Shary Boyle: Outside the Palace of Me aims to explore the forces that create our inner and outer selves, both individual and collective. On view at the Museum of Arts and Design (MAD) in New York City through February 25, 2024, the multisensory solo exhibition of new works by the Canadian visual artist includes sculpted ceramics, life-sized automatons, two-way mirrors, a coin-operated sculpture, and an interactive soundtrack. To help realize her creative vision for the show, Boyle enlisted a team of collaborators; including a scenic designer, costume artist, robotics engineer, amusement park innovator, and acrylic nail artist.
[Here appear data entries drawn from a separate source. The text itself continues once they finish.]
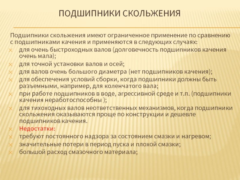 для тихоходных валов неответственных механизмов, когда подшипники скольжения оказываются проще по конструкции и дешевле подшипников качения.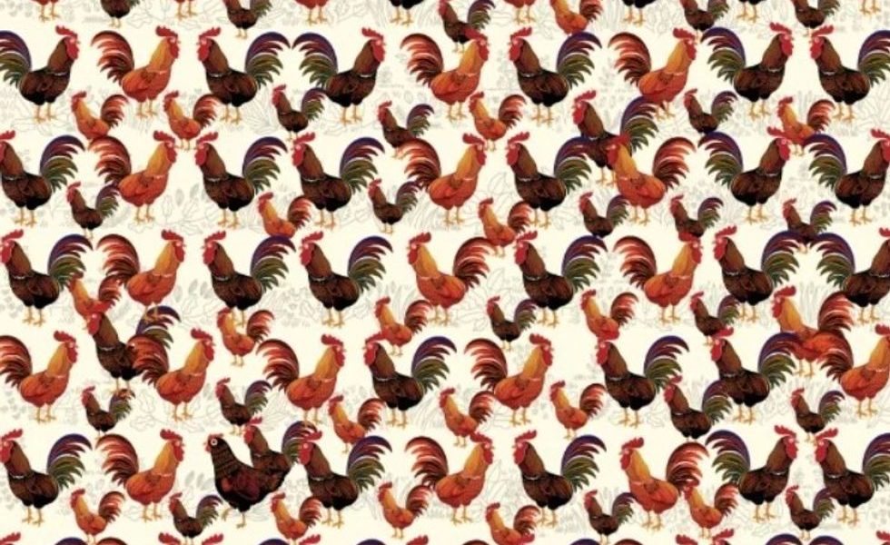 Në foto paraqiten disa gjela, mes të cilëve është fshehur një pulë që vështirë dallohet në shikim të parë.
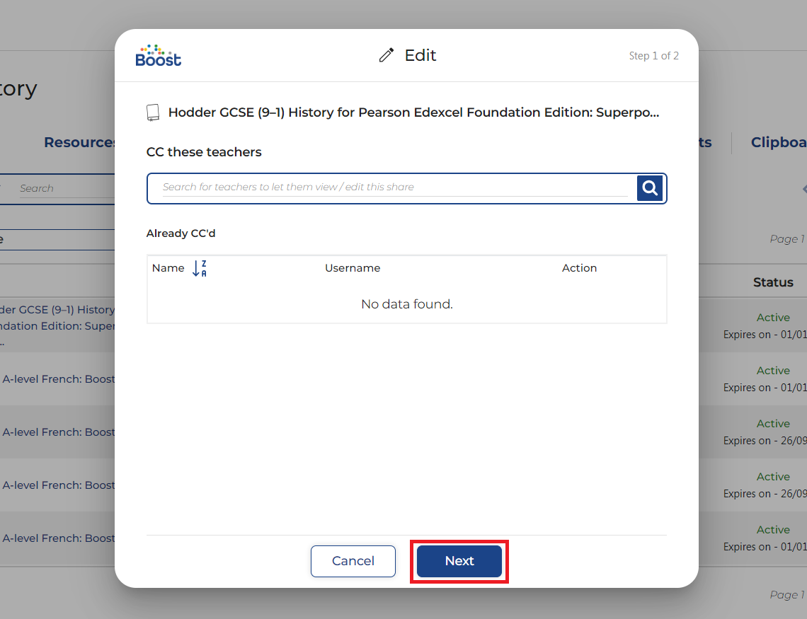 - Copy any additional teachers you would like to notify of the edited share and click Next.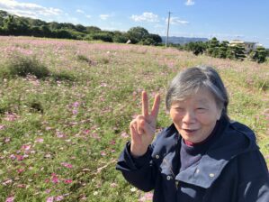 コスモス園に着くと、一面に広がる花畑を背景に写真を撮ったり、職員や利用者同士で談笑したりと、穏やかで楽しいひとときを過ごしました。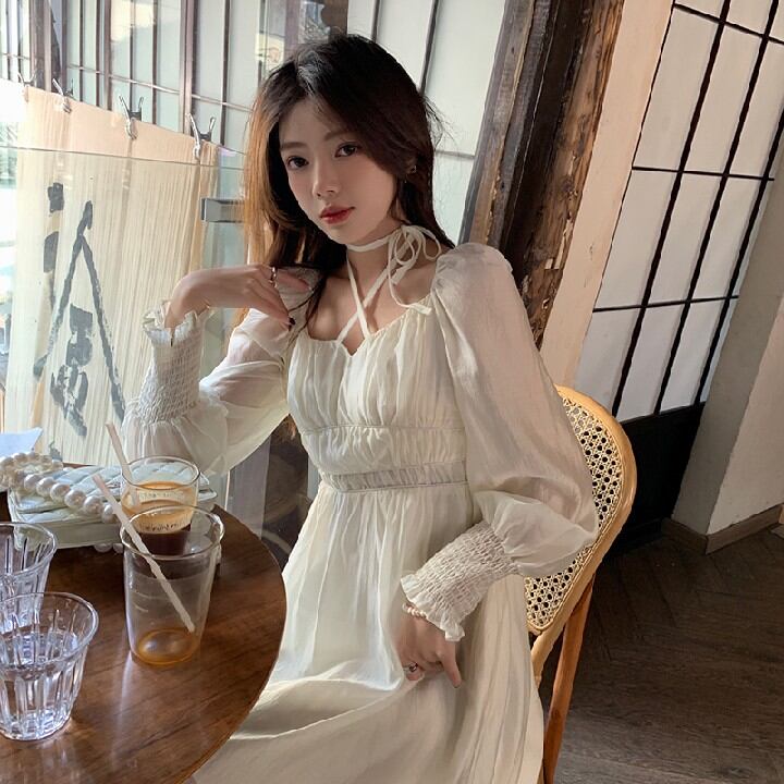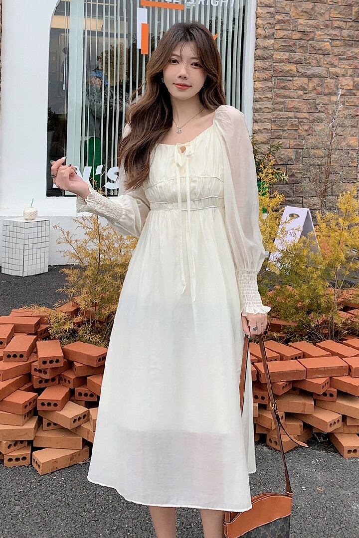 初回送料無料レースアッププリンセススリーブ薄いレースアップレディースファションワンピース

Each work in the exhibition is a testament to slow, skilled, passionate handcraft.
The exhibition’s title, Outside the Palace of Me, references a lyric from “Europe is Lost”, written by UK poet and singer Kae Tempest in 2016. In this protest song, Tempest catalogues society’s ills, including the commodification of the self through reality TV, social media, and the influencer economy.

Adopting the structures of theatre, Outside the Palace of Me hopes to function as a metaphor for the construction and presentation of self. Within its confines, the audience is intended to alternate between the role of observer and observed as they engage with an array of uncanny characters and objects — from the miniature to the monumental. Boyle’s small-scale clay sculptures are placed throughout the exhibition, including “The Procession” (2020), an installation of 28 stoneware figures that aims to honor the spirit of collective action. “White Elephant” (2021) is a gigantic, seated figure dressed in a knitted sweater and woolen trousers. The figure’s porcelain head rapidly spins 360 degrees when triggered by a motion detector activated by a passing visitor. “Centering” (2021), a coin-operated pottery wheel sculpture built of wood, textiles, beads, crystals, feathers, human hair, sequins, mirror, and electronics, spins when its foot pedal is pressed.
Wall paintings and works on paper add a supporting cast of complicated narrators to Boyle’s imaginative, idiosyncratic, and unsettling realm. The second floor of the exhibition surveys the artist’s abiding interest in forms of theatre and performance perceived as amateur or antiquated that, through Boyle’s handcraft, seek to become potent forms of image-making.